The opinion was mixed, with one expert, Brian Vellmure, Founder, Initium LLC/Innovantage International, splitting the difference suggesting one, or two, databases should be determined on a case-by-case basis, even though he did suggest there needed to be some way to merge all data for the ability to perform end-to-end data analysis.
Lou said a CRM implementation strategy should include integrating the Marketing and Sales databases if those are not already in sync, but the next stage would be to integrate the accounting and financial data into that overarching database as well.
With this total insight into the individual customer, if a database record changes for any reason at any point in the customer lifecycle – as a database prospect, after the handoff to Sales as a qualified lead, or at the account level post-conversion to a customer – the database everyone is using contains the correct information.
This means Marketing and Sales continuing efforts in up-selling, cross-selling and ongoing brand awareness understand, and can react to, changes in that customer’s status – maybe their phone number, job title or possibly even company changed over time.
The cloud and big data
As a marketer you might be thinking, “Oh man, first I have to get aligned with Sales and get all of us playing in the same data sandbox, and now I have to think about adding Finance to the mix?”
Lou suggested any CRM implementation strategy should be handled incrementally, and there’s no need to “boil the ocean” and try to do everything at once.
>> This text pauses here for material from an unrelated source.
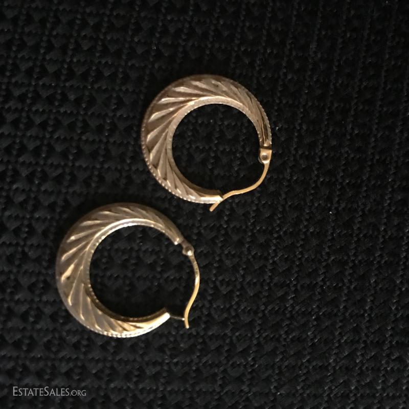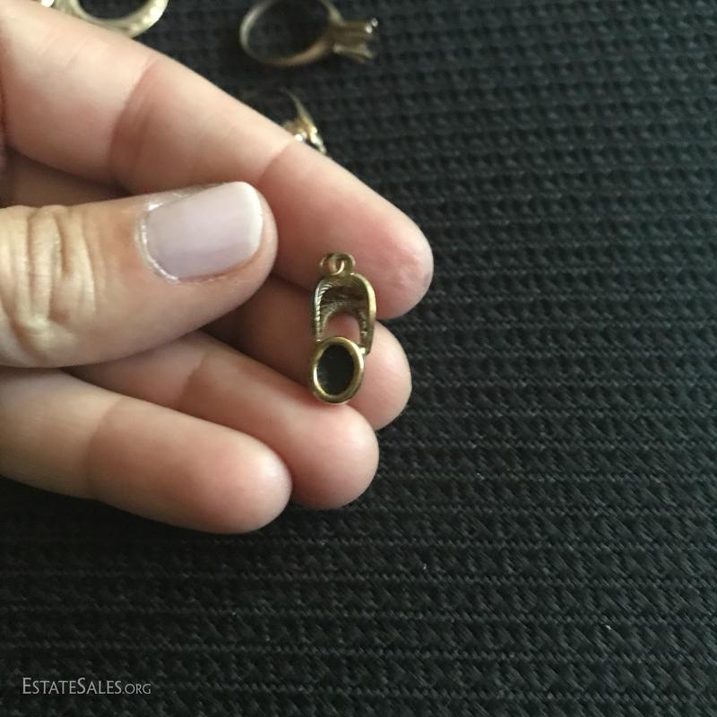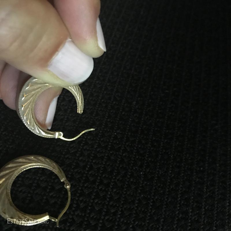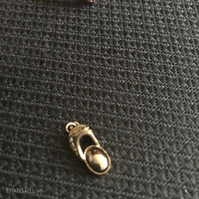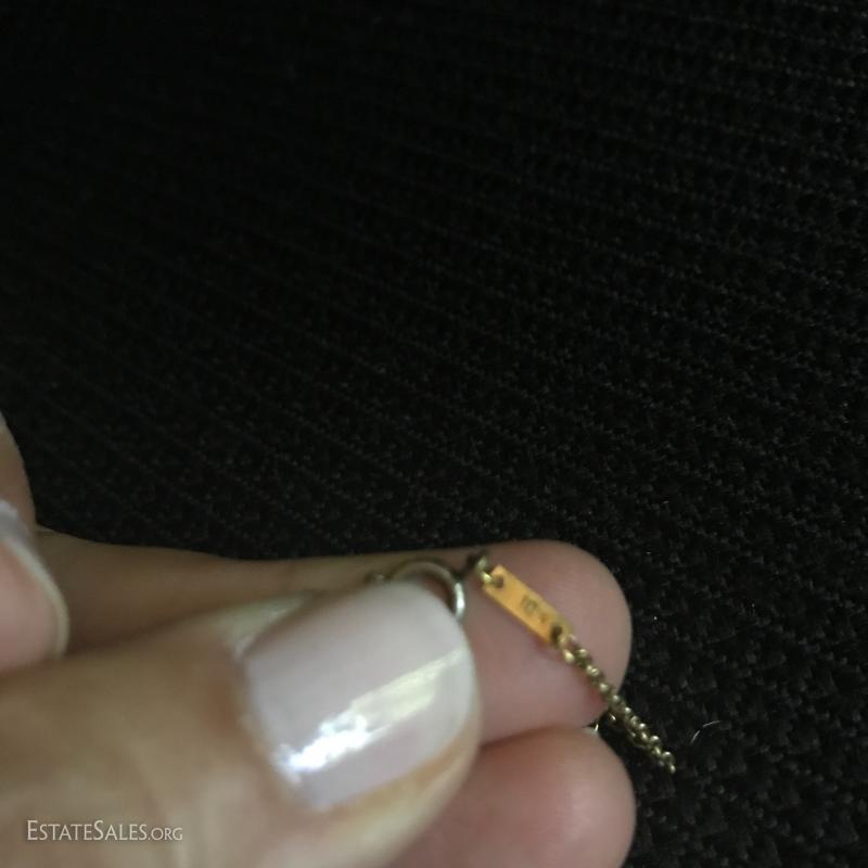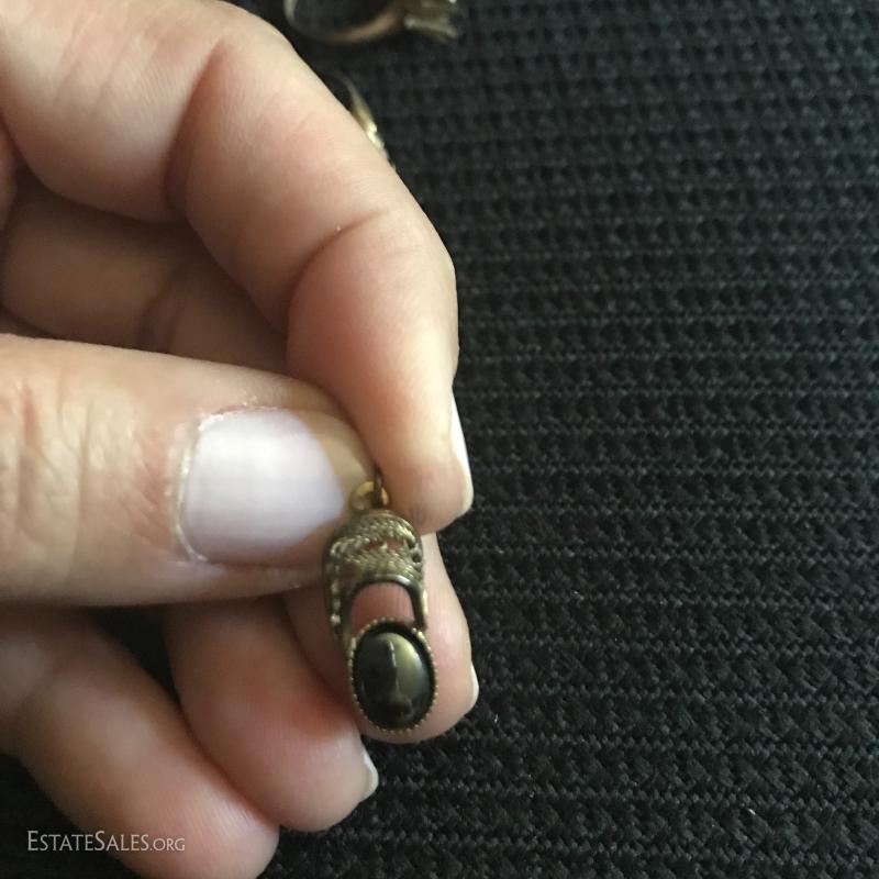Gold necklace marked 10k. Pair of earrings (one broken) with illegible mark. Purple stone ring with 10k mark. Ring with no stone has 10k mark. Small stone pendant. No mark. We can not verify the authenticity of any of these items. We are stating what is seen to the naked eye. Shipping available or local pick up in Saluda, NC.
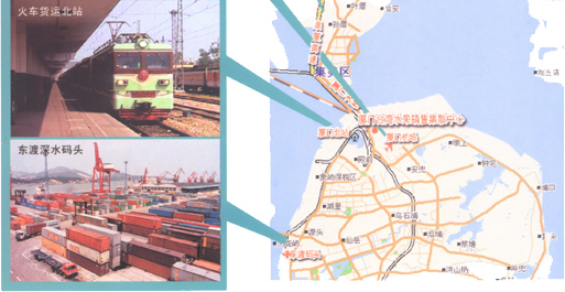 廈門臺(tái)灣水果銷售集散中心位于風(fēng)景秀麗的廈門市鷺島北部,東臨廈門國(guó)際機(jī)場(chǎng),西靠319國(guó)道,南距廈門港東渡深水碼頭2公里,北距廈門大橋500米。具有得天獨(dú)厚的海、陸、空交通運(yùn)輸區(qū)位優(yōu)勢(shì)。集散中心建設(shè)用地100000平方米,經(jīng)營(yíng)面積達(dá)45000平方米。自中央政府開(kāi)放22種臺(tái)灣水果免稅登陸后,已有100多家國(guó)內(nèi)水果經(jīng)銷商和262家臺(tái)灣果商協(xié)會(huì)、農(nóng)業(yè)團(tuán)體、臺(tái)灣果農(nóng)及農(nóng)產(chǎn)品經(jīng)營(yíng)商入駐設(shè)點(diǎn)經(jīng)銷。

At the same time, there needs to be an overall plan for the implementation.
He said, “If you think it through from a process level:
- What are we trying to do?
- What can we improve on?
- What feedback have we heard from these customers?
- How can improve the way we work with those customers and prospects?
- What are the data elements that we are going to need to do that and then have an actionable, prioritized plan?”
The implementation should be based on an overarching plan, and he said to avoid being so tactical that urgent problems get fixed without a framework in place for the entire process.
From a data perspective, one relatively new technological solution is out there.
“One factor that is impacting the market for adopting this kind of strategy is the rampant growth of cloud services,” Lou said.
He added the cloud provides the ability to link data from sources ranging from sales and marketing automation technology, call center systems and even accounting and finance.
Lou said one school of thought regarding another hot term right now – big data – is the idea of “give me every bleeping piece of data under the sun, and I will have smart algorithms that will figure out where to get some patterns.”
“I think that’s great for IBM,” he explained. “What I am about is relevant data sets. What are the types of data that you would want that can be reasonably well parsed through and used by organizations.”
He added big data is about finding patterns in unstructured data that will be helpful to the business, and marketers probably know what data they want for better access into customer insights. The challenge is managing big data in a coordinated way.
“Maybe I am not about ‘big data’ in the classic sense, but more [about] relevant use of bigger data, not vast data,” Lou explained.
Brian Vellmure, the advocate of allowing corporate culture to determine the database strategy, provided another perspective on actually handling big data for marketers:
Big data will allow us to obviously understand our customers better.
If we can understand who they are, who they are interacting with, where they go, what they are interested in beyond our products and service offering, and what their normal day in a life is, then obviously, we have a potential to bring them the right message at the right time.
It is not intrusive. It is not annoying, and it also allows us to find patterns that we didn’t even know to look for before.